The primary issue addressed in the present study is whether aging affects the short-term recall of natural or synthetic speech. Accuracy of serial recall has been used frequently as a measure of short-term (or working) memory and was used in this study as our measure of short-term memory capacity. In an auditory serial-recall task, a sequence of words, typically 10 or fewer in number, is presented acoustically to the listener at a fixed rate of presentation. The listener is then asked to recall the sequence of words in the same order it was presented. The accuracy of serial recall is typically depicted as a serial-recall function that displays the percentage of words recalled correctly as a function of the word position in the sequence. Such functions are typically U-shaped, with better recall of both the earliest and most recent portions of the word sequence. The superior recall of early items in the list represents the so-called primacy portion of the serial-recall function, whereas the high-performance portion of the function associated with the most recently presented words is referred to as the recency portion of the function.
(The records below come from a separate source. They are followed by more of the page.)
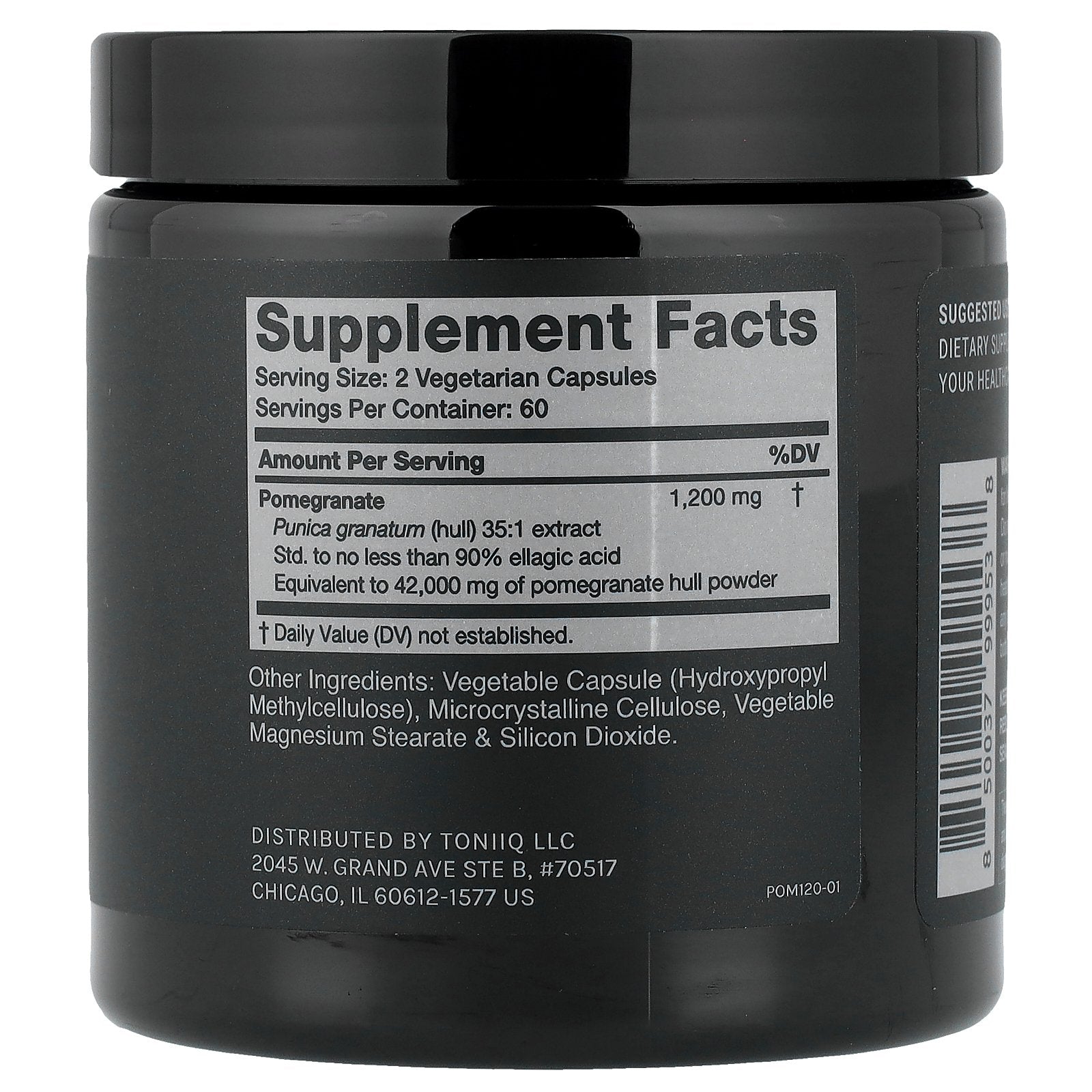 Pomegranate Punica granatum (hull) 35:1 extract Std. to no less than 90% ellagic acid Equivalent to 42,000 mg of pomegranate hull powder |
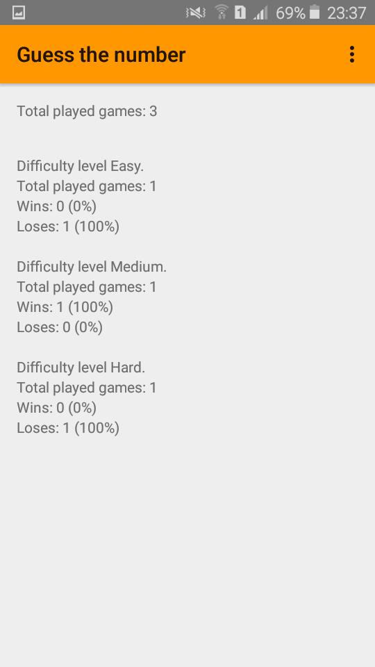 Guess The Number é um jogo em que você deve usar sua lógica para adivinhar um número secreto de 4 dígitos selecionado pelo computador no início do jogo. O número é formado com dígitos de 0 a 9; Cada dígito aparece uma vez no máximo. Esse número é adivinhado por você por meio de várias tentativas. Uma tentativa consiste em um número proposto, selecionado por você e a resposta do computador. O computador diz, em sua resposta 2 dígitos. O 1º dígito mostra quantos dígitos você adivinhou e o segundo mostra quantos dígitos na posição certa. Usando informações da resposta do computador, você deve Guess The Number usando o mínimo possível de movimentos. Boa sorte!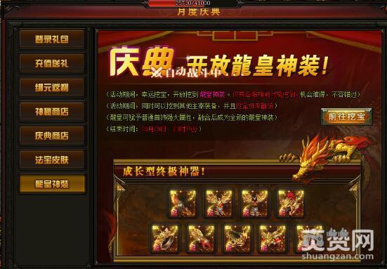 传说龙皇神装藏在“月度庆典”里面,在幸运挖宝活动期间,开放挖到“龙皇神装”。仅在傲天赤月传说2百服期间才能挖到,机会难得不容错过。即便挖不到“龙皇神装”,起码也会有其他主宰装备,挖宝几率还会翻倍。据称龙皇套装可赋予普通首饰强大的属性,融合后将成为全新的龙皇神装。竟有如此牛逼的融合功效,难怪玩家们会趋之若鹜没日没夜地去挖宝。
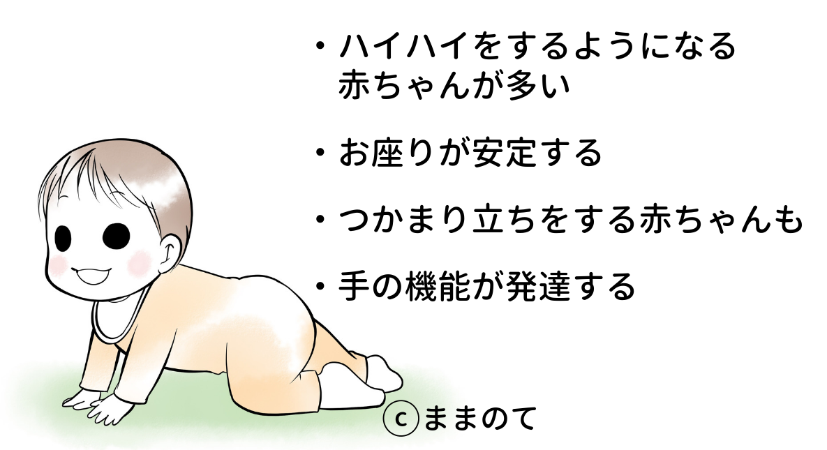 生後8ヶ月になるとハイハイをする赤ちゃんが多く見られます。ただし、成長には個人差があるので、できなくてもあせる必要はありませんよ。ずりばいを続ける赤ちゃんや、ハイハイをしないでつかまり立ちをする赤ちゃんなども珍しくありません。

Processes used in the serial-recall task include encoding, storage, and retrieval of information. That is, the acoustic input must be converted to a unique pattern of sensory activity that is identified and labeled appropriately (encoding), stored temporarily in memory (until completion of the sequence of words), and then retrieved from memory for recall. A decline in serial recall, therefore, can be due to difficulties with one or more of these underlying processes. Humans, as processors of information, are believed to have a finite or limited capacity to do so. If more attentional resources are required for the encoding process in a certain condition, then fewer resources will be available for other tasks, such as storage and retrieval. In the present context, it is hypothesized that additional resources will be required for the encoding process when the intelligibility of the speech signal has been degraded through use of impoverished synthetic speech, rather than natural speech. Assuming limited resources and the allocation of extra resources to the encoding process, it is hypothesized that the storage and retrieval processes will be diminished or less efficient when the intelligibility of the speech signal has been degraded.
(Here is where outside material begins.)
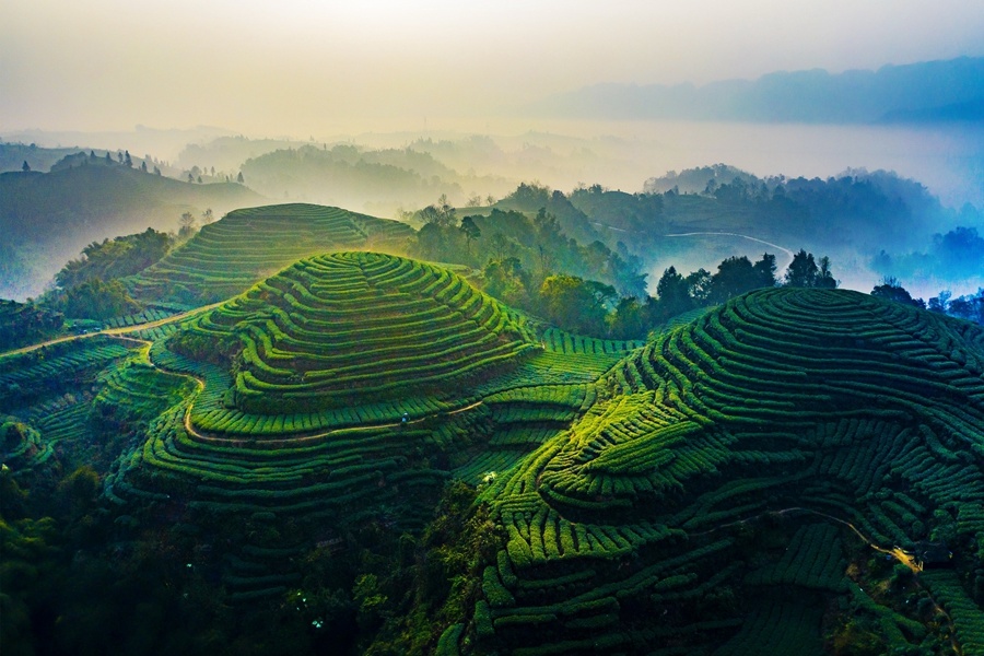 念好“優(yōu)、綠、特、強(qiáng)、新、實(shí)”六字經(jīng),大力培育川糧油、川菜、川茶等十大優(yōu)勢(shì)特色產(chǎn)業(yè),進(jìn)一步打響“川字號(hào)”品牌。圖為四川省雅安市名山茶園。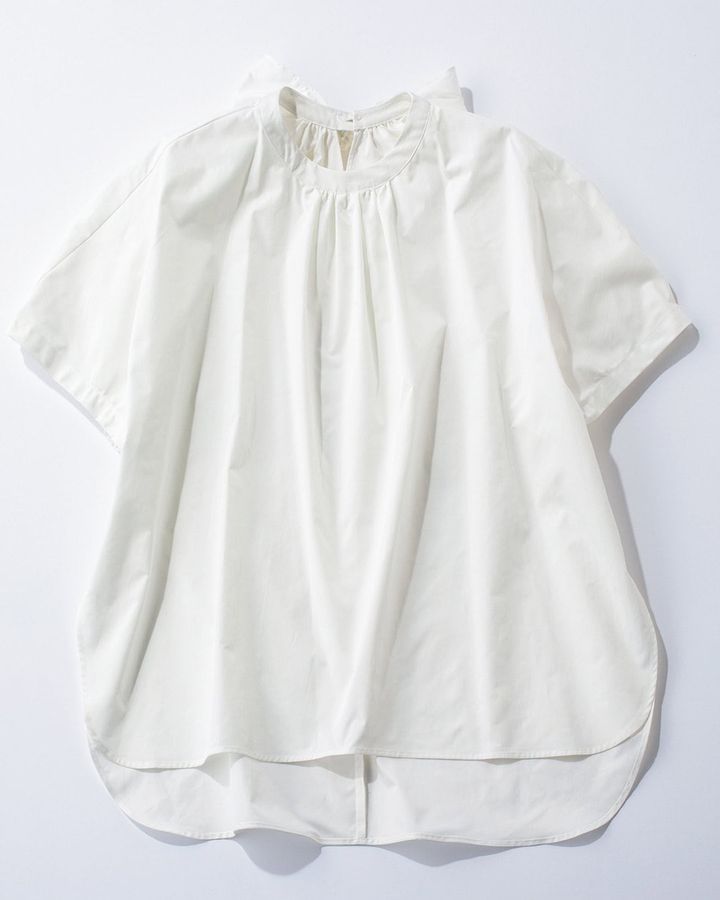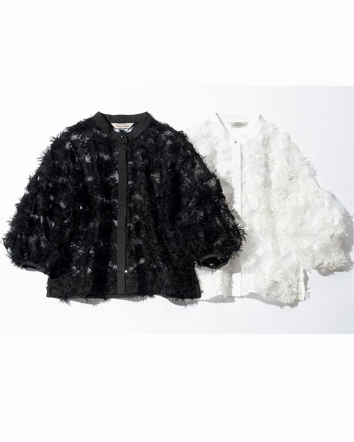ボタンを隠した比翼開きでスッキリと仕上げたブラウスは、ボタンを開けてハオリものとして着こなすと、ボウタイがジャケット衿風に見えるのもポイント。トレンドのシアー素材は、ONするだけでコーデを今っぽく仕上げてくれます。秋口もニットと重ねて、ジャケットのインナーにと活躍度大の心強いアイテムです。

To evaluate further the role of storage and retrieval processes in the recall performance measured in this study, serial-recall measures were obtained for two different rates of presentation (or interword intervals) and for words that varied in difficulty. It was hypothesized that the manipulation of the rate of presentation should have little effect on the nearly instantaneous encoding process, but should affect the storage of information and its subsequent retrieval. A faster rate of presentation would allow less time for rehearsal of items than presentation at a slower rate. This would most likely have a larger affect on the early or primacy portion of the serial-recall function. Measures of intelligibility for the stimulus items used in the recall task are used frequently to evaluate the encoding process independent of storage and retrieval.
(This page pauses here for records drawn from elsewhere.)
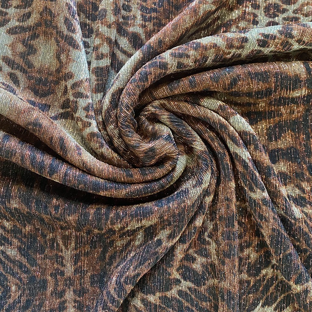 - Léopard pailleté : 100 % polyester, effet scintillant chic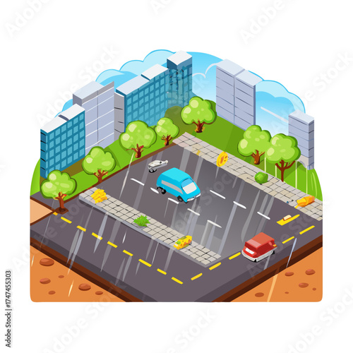 Earthquake diagram. Vector isometric Earth fault scrap with epicenter, focus and wavefronts. Natural disasters and seismic activity concept for educational poster, scientific infographic, presentation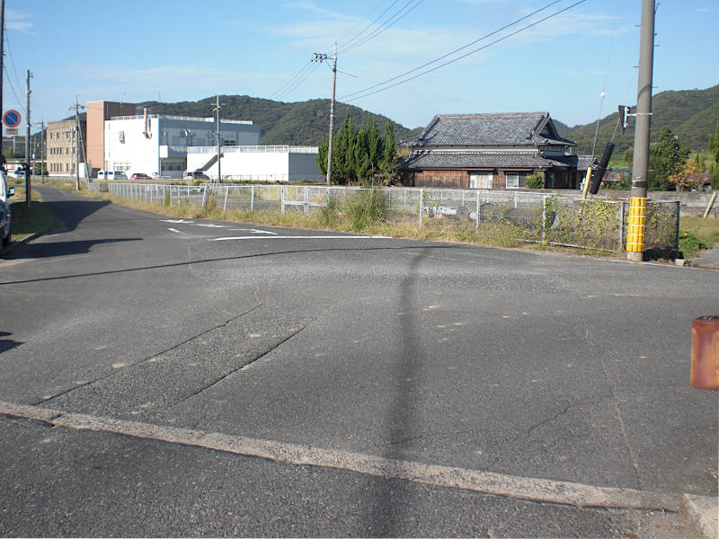 一度斜め右手(真西)に方向を変えて、少し先に堤防が見える交差点に来る。結論から言うと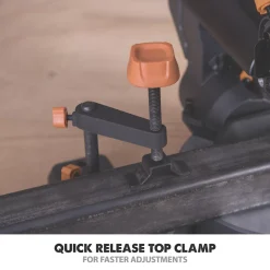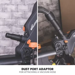 Perfect addition to the R210SMS Multi-Material Mitre Saw. Includes a front clamp for additional accuracy and a quick-release top clamp for faster adjustments, along with an Evolution dust bag for a cleaner working environment. Also included is a 36mm dust port adapter for attaching a vacuum hose.

Manipulations of word difficulty, as defined by the model of Goldinger, Pisoni, and Logan (1991) (see also Luce, 1986), should affect storage and retrieval processes, but not the encoding process. Briefly, according to these authors, hard words are defined as words that (a) have many phonological neighbors or words that differ from the target word by only one phoneme, and (b) are low in frequency of occurrence. Easy words, on the other hand, do not have many similar-sounding neighbors and occur frequently in the language. Although more details concerning the criteria for the easy/hard distinction are provided in the following section, two examples may be helpful at this point to illustrate the distinction being made here. The word gad, for example, is a hard word according to this taxonomy because it has many similar sounding neighbors (bad, mad, fad, had, dad, sad, gab, gag, gal, etc.) and is not a frequently occurring word. An example of an easy word, on the other hand, is word. This monosyllable occurs frequently, yet has a restricted neighborhood of similar sounding monosyllables (bird, curd, worm, work, etc.). Goldinger et al. (1991) showed that hard words are more difficult to recall than easy words, despite equivalent high levels of intelligibility for both sets of words. Thus, the recall difference for easy versus hard words appears to reflect differences in the storage or retrieval processes for these two categories of words and not encoding (i.e., item-by-item intelligibility was high). It is hypothesized that the recall difference between easy and hard words will be reduced for degraded speech because all of the words will be more difficult to discriminate and encode as a result of the degradation. This will require allocation of more attentional resources to the encoding process at the expense of the other processes of storage and retrieval.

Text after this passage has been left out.